Primary class for geographic and module merging operations.

.. autoclass:: enahopy.merger.ENAHOGeoMerger
   :members:
   :undoc-members:
   :show-inheritance:
   :special-members: __init__

Example:

   .. code-block:: python

      from enahopy.merger import ENAHOGeoMerger, GeoMergeConfiguration

      # Basic usage
      merger = ENAHOGeoMerger(verbose=True)

      # Merge modules
      result_df, report = merger.merge_multiple_modules(
          modules_dict={'34': df_sumaria, '37': df_education},
          base_module='34'
      )

      # Merge with geography
      merged_df, validation = merger.merge_geographic_data(
          df_principal=df_enaho,
          df_geografia=df_ubigeo,
          columna_union='ubigeo'
      )

ENAHOModuleMerger
^^^^^^^^^^^^^^^^^

Specialized class for module-to-module merging.

.. autoclass:: enahopy.merger.ENAHOModuleMerger
   :members:
   :undoc-members:
   :show-inheritance:
   :special-members: __init__

PanelCreator
^^^^^^^^^^^^

Create longitudinal panel datasets.

.. autoclass:: enahopy.merger.PanelCreator
   :members:
   :undoc-members:
   :show-inheritance:
   :special-members: __init__

Example:

   .. code-block:: python

      from enahopy.merger import create_panel_data

      # Create panel from multiple years
      panel_df = create_panel_data(
          data_dict={
              2020: df_2020,
              2021: df_2021,
              2022: df_2022
          },
          id_columns=['conglome', 'vivienda', 'hogar'],
          time_column='anio'
      )

Configuration Classes
---------------------

GeoMergeConfiguration
^^^^^^^^^^^^^^^^^^^^^

Configuration for geographic merging operations.
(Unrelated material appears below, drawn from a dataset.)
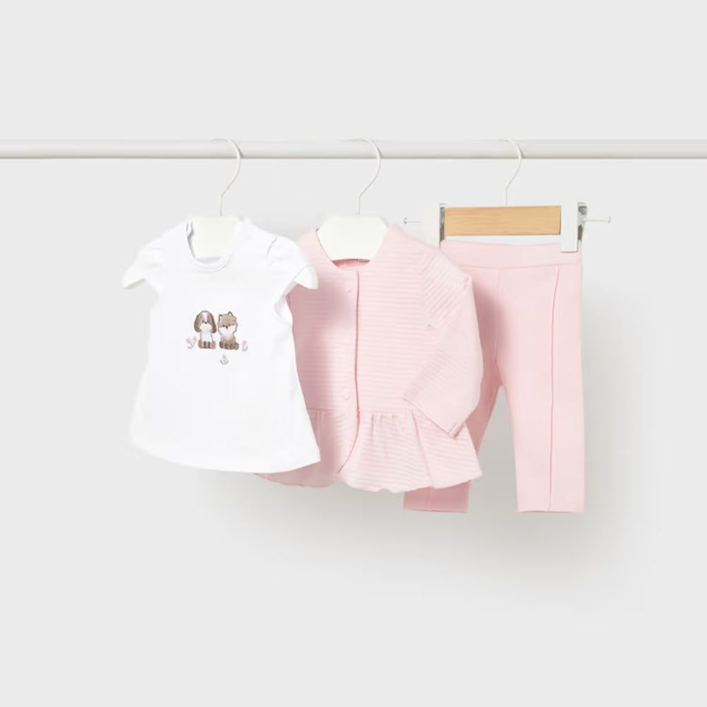 Mayoral Komplet dla dziewczynki 3-częściowy z marynarką, legginsami i koszulką Róż baby

.. autoclass:: enahopy.merger.GeoMergeConfiguration
   :members:
   :undoc-members:
   :show-inheritance:

Options:

- **columna_union**: UBIGEO column name (default: 'ubigeo')
- **manejo_duplicados**: Strategy for duplicates ('first', 'last', 'aggregate', 'best_quality')
- **manejo_errores**: Error handling ('strict', 'coerce', 'ignore')
- **tipo_validacion_ubigeo**: Validation level ('none', 'structural', 'complete')
- **chunk_size**: Chunk size for large datasets
- **optimizar_memoria**: Enable memory optimization
- **usar_cache**: Enable result caching

Example:

   .. code-block:: python

      from enahopy.merger import GeoMergeConfiguration, TipoManejoDuplicados

      config = GeoMergeConfiguration(
          columna_union='ubigeo',
          manejo_duplicados=TipoManejoDuplicados.AGGREGATE,
          funciones_agregacion={'mieperho': 'sum', 'inghog1d': 'mean'},
          tipo_validacion_ubigeo=TipoValidacionUbigeo.COMPLETE,
          chunk_size=50000,
          optimizar_memoria=True
      )

ModuleMergeConfig
^^^^^^^^^^^^^^^^^

Configuration for module merging.

.. autoclass:: enahopy.merger.ModuleMergeConfig
   :members:
   :undoc-members:
   :show-inheritance:

Example:

   .. code-block:: python

      from enahopy.merger import ModuleMergeConfig, ModuleMergeLevel, ModuleMergeStrategy

      config = ModuleMergeConfig(
          merge_level=ModuleMergeLevel.HOGAR,
          merge_strategy=ModuleMergeStrategy.COALESCE,
          min_match_rate=0.9,
          max_conflicts_allowed=100,
          chunk_processing=True
      )

Enumerations
------------

Geographic Enums
^^^^^^^^^^^^^^^^

.. autoclass:: enahopy.merger.TipoManejoDuplicados
   :members:
   :undoc-members:

.. autoclass:: enahopy.merger.TipoManejoErrores
   :members:
   :undoc-members:

.. autoclass:: enahopy.merger.NivelTerritorial
   :members:
   :undoc-members:

.. autoclass:: enahopy.merger.TipoValidacionUbigeo
   :members:
   :undoc-members:

Module Merge Enums
^^^^^^^^^^^^^^^^^^

.. autoclass:: enahopy.merger.ModuleMergeLevel
   :members:
   :undoc-members:

.. autoclass:: enahopy.merger.ModuleMergeStrategy
   :members:
   :undoc-members:

.. autoclass:: enahopy.merger.ModuleType
   :members:
   :undoc-members:

Result Classes
--------------

GeoValidationResult
^^^^^^^^^^^^^^^^^^^

Results from geographic data validation.

.. autoclass:: enahopy.merger.GeoValidationResult
   :members:
   :undoc-members:
   :show-inheritance:

ModuleMergeResult
^^^^^^^^^^^^^^^^^

Results from module merge operations.

.. autoclass:: enahopy.merger.ModuleMergeResult
   :members:
   :undoc-members:
   :show-inheritance:

Methods:

- ``get_summary_report()``: Generate formatted summary
- ``get_quality_metrics()``: Extract quality indicators
- ``get_warnings()``: List of merge warnings

Validators
----------

UbigeoValidator
^^^^^^^^^^^^^^^

Validates UBIGEO codes and geographic consistency.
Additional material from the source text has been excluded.